You have to be a bit careful about what this notation you are using actually means. Rigorously, the dirac delta is only defined when acting on functions in the Schwartz space. There is no rigorous justification for handling it as a function $x \mapsto \delta(x)$ for real $x$. I'll discuss the case where we are talking about convergence in the distributional sense.
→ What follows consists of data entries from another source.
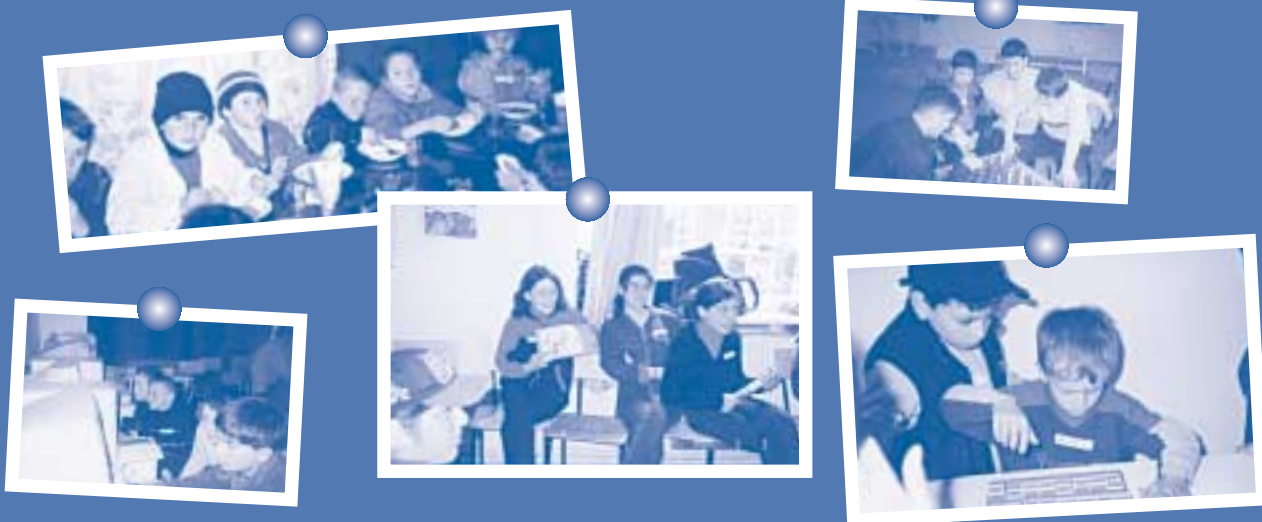
Тбилиси, Грузия: средства, собранные благодаря балу ОБСЕ 2002 года, позволяют оказывать материальную, медицинскую и психологическую помощь более чем 100 детям, семьи которых лишились жилища в результате землетрясения

Бал ОБСЕ 2003 года, на который собрались почти 1200 гостей и который состоялся 7 февраля в великолепных помещениях императорского дворца «Хофбург», – Фестзале, Церемониальном зале и Меттернихском зале – побил все рекорды. В соответствии с традицией собранные в этом году средства (почти 30 000 евро) будут пожертвованы на благотворительные цели, которые предстоит определить в ближайшие месяцы.
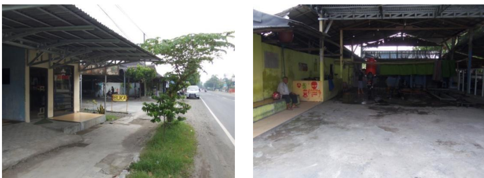
Gambar : Lokasi Basecamp Ni-Kita Jibril dan Usaha Cucian Mobil/Motor
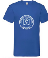
VWVNT - L - 51 - g - w
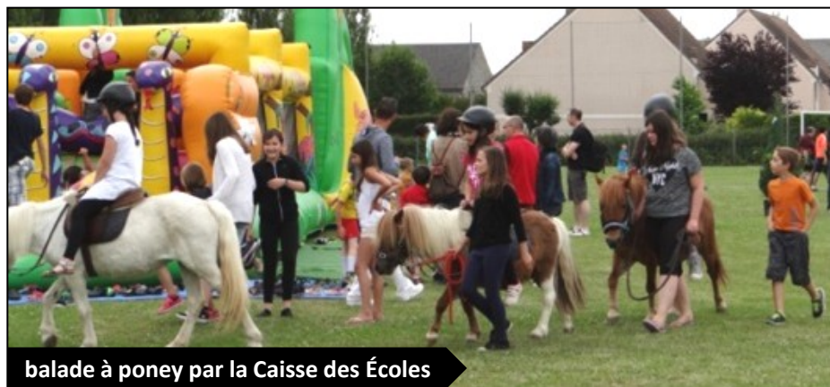
balade à poney par la Caisse des Écoles
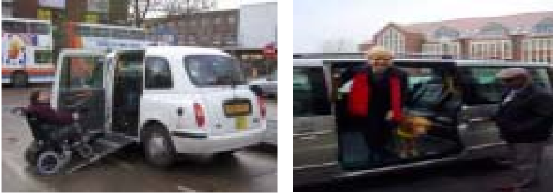
Őekil 2. Bedford kenti uygulamaları

D¼nyanın birok kentinde engelli kullanıcıların yařamlarını kolaylařtırmak amacı ile ulařım konusunda çeřitli alıřmalar gerekleřtirilmektedir. Őekil 2 ve 3' de İngiltere' nin Bedford kentinde uygulanan alıřmalar g¼sterilmiřtir[4].
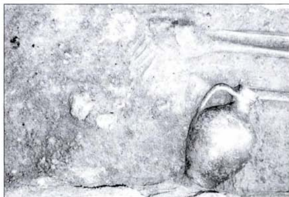
5. kép: Az 59. számú sír részlete Fig. 5.: Grave no. 59 (detail)

district were unearthed on lot 8 Vályog Street, north of our territory, in 1995. (MADARASSY 1996, 53-60.) At this time, the last phase of the Roman period, from an area south of the road, could be observed. The building was reconstructed between the reign of Caracalla and
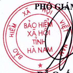
Đỗ Quốc Hòa
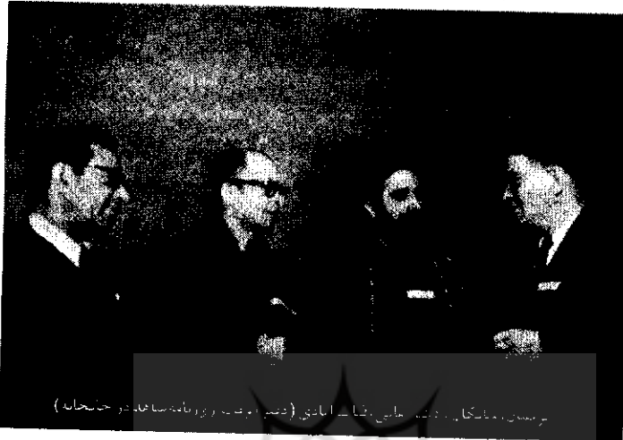
رئیس، ملکای، دکتر، مابین، قاضی، ابادی (دستور، روزنامه، ساخا، دو، خاندان)

خود را مستحکم نموده و خود را از استیلای طبقه بالای سنتی و دولت خارج نماید. آنها می‌خواستند از خلأ قدرتی که در ساختار سیاسی به وجود آمده بود بهره‌مند شوند به همین جهت اقدام به تشکیل حزب و سازمان سیاسی نمودند، حزب توده مهم‌ترین حزبی بود که در سال ۱۳۲۰ اعلام موجودیت کرد، هسته اصلی آن از برخی

Let $\varphi \in C_{c}^{\infty}(\mathbb{R})$. I'll note $ f_{\epsilon} := \frac{1}{\sqrt{2\pi\epsilon}}e^{\frac{-x^2}{2\epsilon}}$. Using the substitution $y = x/\sqrt{\epsilon}$ we obtain $$\langle f_{\epsilon},\varphi \rangle = \int_{-\infty}^{\infty}\frac{1}{\sqrt{2\pi\epsilon}}e^{\frac{-x^2}{2\epsilon}} \varphi(x) \mathrm{d}x =\int_{-\infty}^{\infty} \frac{1}{\sqrt{2\pi}}e^{-y^2 /2} \varphi(\sqrt{\epsilon}y) \mathrm{d}y $$ As $\varphi$ is continous and compactly supported, this integrand is dominated by $\frac{1}{\sqrt{2\pi}}e^{-y^2 /2} \|\varphi\|_{\infty}$ which integrates to $\|\varphi\|_{\infty}$. Moreover, because $\varphi$ is continous the integrand converges pointwise to $\frac{1}{\sqrt{2\pi}}e^{-y^2 /2} \varphi(0)$ as $\epsilon \to 0$. Applying the dominated convergence theorem yields

$$\lim_{\epsilon\to 0} \langle f_{\epsilon},\varphi \rangle = \int_{-\infty}^{\infty} \lim_{\epsilon\to 0} \frac{1}{\sqrt{2\pi}}e^{-y^2 /2} \varphi(\sqrt{\epsilon}y) \mathrm{d}y = \int_{-\infty}^{\infty} \frac{1}{\sqrt{2\pi}}e^{-y^2 /2} \varphi(0) \mathrm{d}y = \varphi(0) $$ which finally shows $$\lim_{\epsilon\to 0} \langle f_{\epsilon},\varphi \rangle = \langle \delta_0, \varphi \rangle$$